### Dataset content
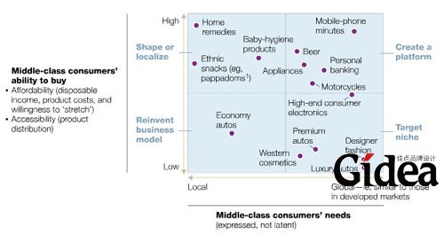 对于需求本地性且购买能力较低的中产阶层消费者,企业可以采取再造业务模式的战略,通过衡量现有全部消费,审视能够满足消费者类似需求的供选产品,研究收入增长可能开启的潜在支出等等,来确定市场;然后把自己的产品做得更加被买得起和买得到。适用于此象限的产品如经济型汽车。
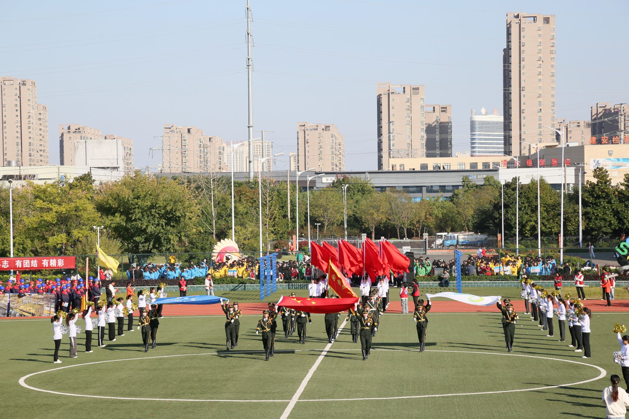 伴随着激昂的《运动员进行曲》,国旗护卫队、校旗会旗队、红旗方阵、裁判员方队、各教学院部师生代表队依次入场。各学院方阵队采用富含创意的设计,以其独特的风格展示学院风采,在表现积极进取精神面貌的同时,也体现出滁职青年奋楫争先的青春底色。入场仪式完毕后,全体肃立,高唱中华人民共和国国歌,注视着庄严的五星红旗冉冉升起。许雪峰在致辞中代表学校向悉心筹备本届运动会的师生员工表示诚挚的谢意,向全体运动员、裁判员致以亲切的问候和美好的祝愿。
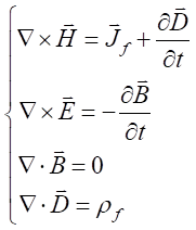 在理想介質(zhì)中,既沒(méi)有電荷,也沒(méi)有電流,所以理想介質(zhì)中的電磁場(chǎng)滿(mǎn)足無(wú)源的麥克斯韋方程組。無(wú)源無(wú)耗媒質(zhì)中電磁場(chǎng)滿(mǎn)足麥克斯韋方程:
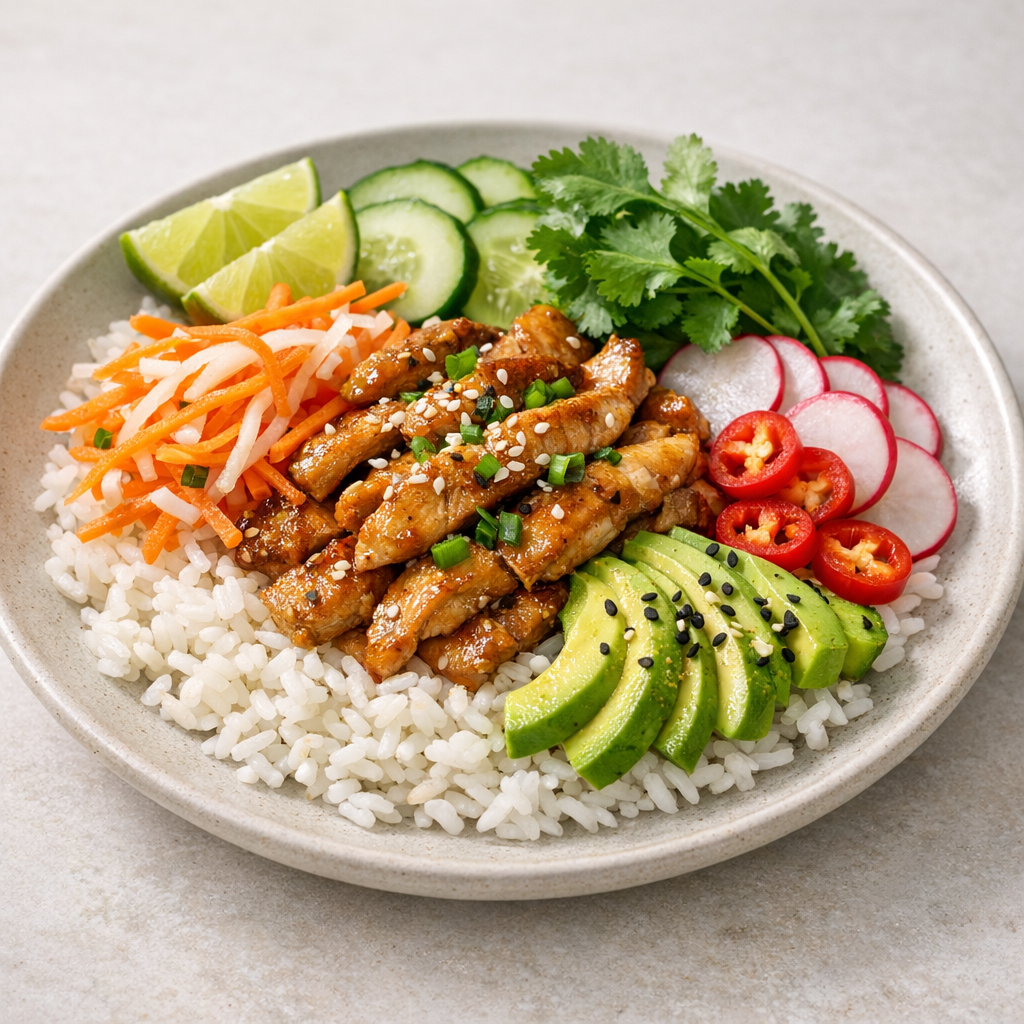 Banh Mi Bowl (Glutenvrije Rijstbowl met Gemarineerd Vlees)

### Task instructions
Look at the listing and set down only the lines from its start through the line with "伴随着激昂的《运动员进行曲》", word for word and without pictures.

### Reply
 对于需求本地性且购买能力较低的中产阶层消费者,企业可以采取再造业务模式的战略,通过衡量现有全部消费,审视能够满足消费者类似需求的供选产品,研究收入增长可能开启的潜在支出等等,来确定市场;然后把自己的产品做得更加被买得起和买得到。适用于此象限的产品如经济型汽车。
 伴随着激昂的《运动员进行曲》,国旗护卫队、校旗会旗队、红旗方阵、裁判员方队、各教学院部师生代表队依次入场。各学院方阵队采用富含创意的设计,以其独特的风格展示学院风采,在表现积极进取精神面貌的同时,也体现出滁职青年奋楫争先的青春底色。入场仪式完毕后,全体肃立,高唱中华人民共和国国歌,注视着庄严的五星红旗冉冉升起。许雪峰在致辞中代表学校向悉心筹备本届运动会的师生员工表示诚挚的谢意,向全体运动员、裁判员致以亲切的问候和美好的祝愿。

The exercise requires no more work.